The fund closed the year with $50.3 billion in assets, adding $9 billion in value over the prior 12 months. The pension portfolio closed fiscal 2011 having nearly climbed back to where it was before the financial crisis.

The strong returns came on the heels of one of the fund’s worst periods, as the global financial turmoil of 2008-2009 slashed its assets to $37.7 billion.

Grossman, who is chairman of the pension fund’s board, said he and the staff were “pleased and gratified’’ with the performance for 2011. Still, he remained cautious amid worries over the national debt crisis and the economy.

“We recognize that it’s a tough year and interest rates are doing what they’re doing, and the markets are volatile,’’ Grossman said. “Everybody’s got their head down, and they’re working hard.’’

Massachusetts outperformed the nation’s largest public pension fund, the California Public Employees’ Retirement System, which reported a preliminary 20.7 percent return for the 12 months ended June 30.

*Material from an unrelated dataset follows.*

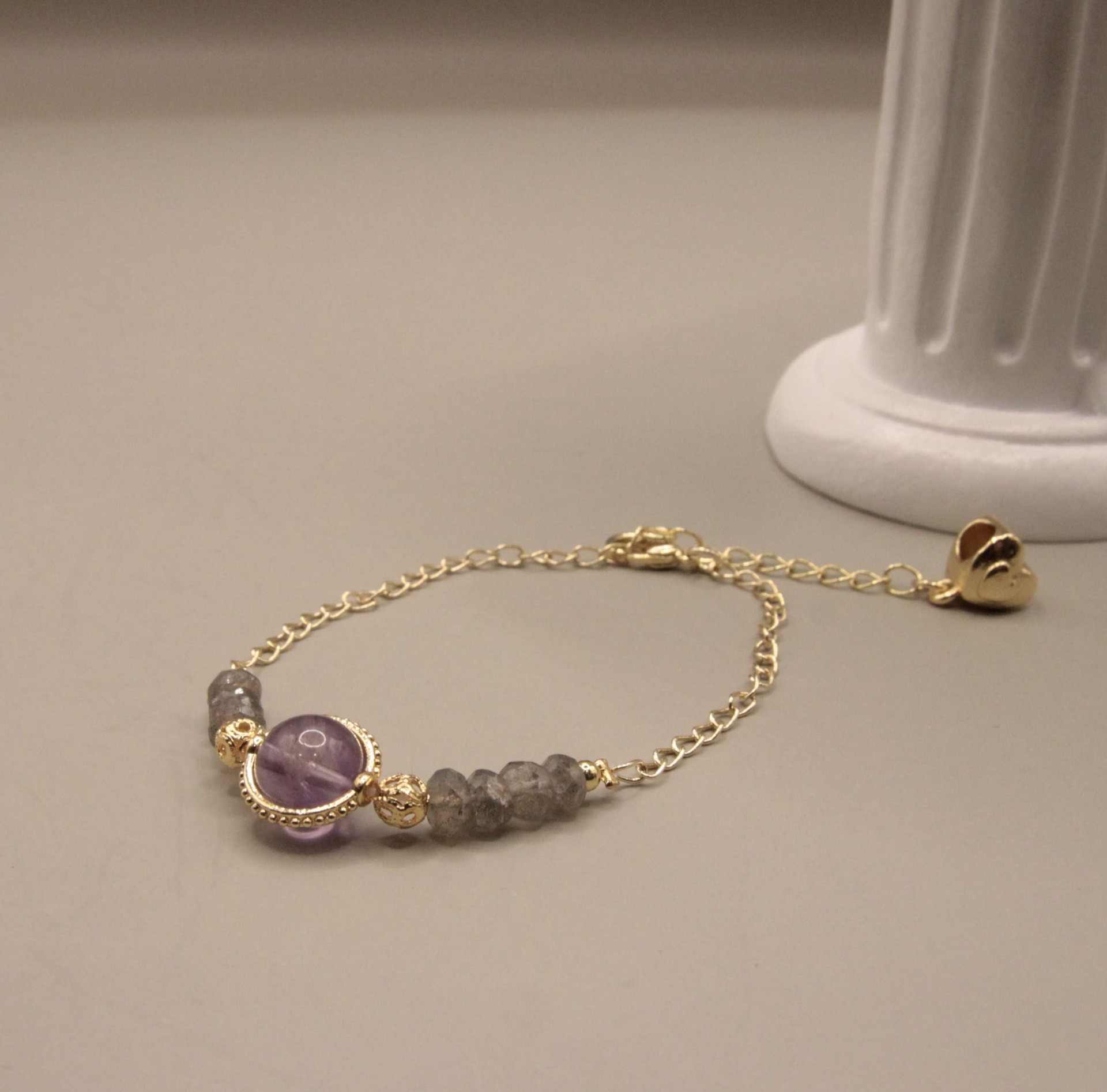 『秋風』紫水晶+切角拉長石,天然無處理水晶,14K銅注金手鍊,設計款文創手作|元元圓滾滾

Despite a falling market in May and early June, the Massachusetts pension fund regained ground in recent weeks and notched its second-best year. The fund’s best performance ever, in 1986, was a 28.1 percent return, according to pension officials.

The latest year’s performance was led by a strong stock market, as the Standard & Poor’s 500 index rose 30.7 percent. For the pension fund, global equities led the way, following by private equity and real estate - areas that suffered during the downturn - and alternative investments such as timber.

Last year was a transition period for the fund, with Grossman and executive director Michael Trotsky both in their first year on the job.

It was a year in which officials reexamined the way the state invests in hedge funds and launched a program to invest in them directly, instead of through middleman funds. They also are taking measures to better manage risk and are looking harder at underperforming investment managers.

Trotsky attributed the year’s gains to sticking to the board’s plan and not taking a knee-jerk reaction to losses in the financial crisis.

“We just stuck to our knitting and took a long-term view and evaluated managers that were underperforming,’’ Trotsky said. “We did stabilize the organization and kept key employees. Stability is key.’’

Pension board member Alexander E. Aikens III said he is concerned about some employee departures over the past year. Turnover is a problem, he said, as seasoned pension officials can earn more in the private sector, taking experience with them.

In addition, Aikens said that while many of the changes at the fund are positive, the board needs to be vigilant in monitoring them, from new consultants to the shift to investing directly in hedge funds.

“It’s just different, and any time you start engaging in something different you’re taking a level of risk,’’ Aikens said.

Similarly, he noted, if the board considers reducing some of its equity exposure, it should be careful how it diversifies.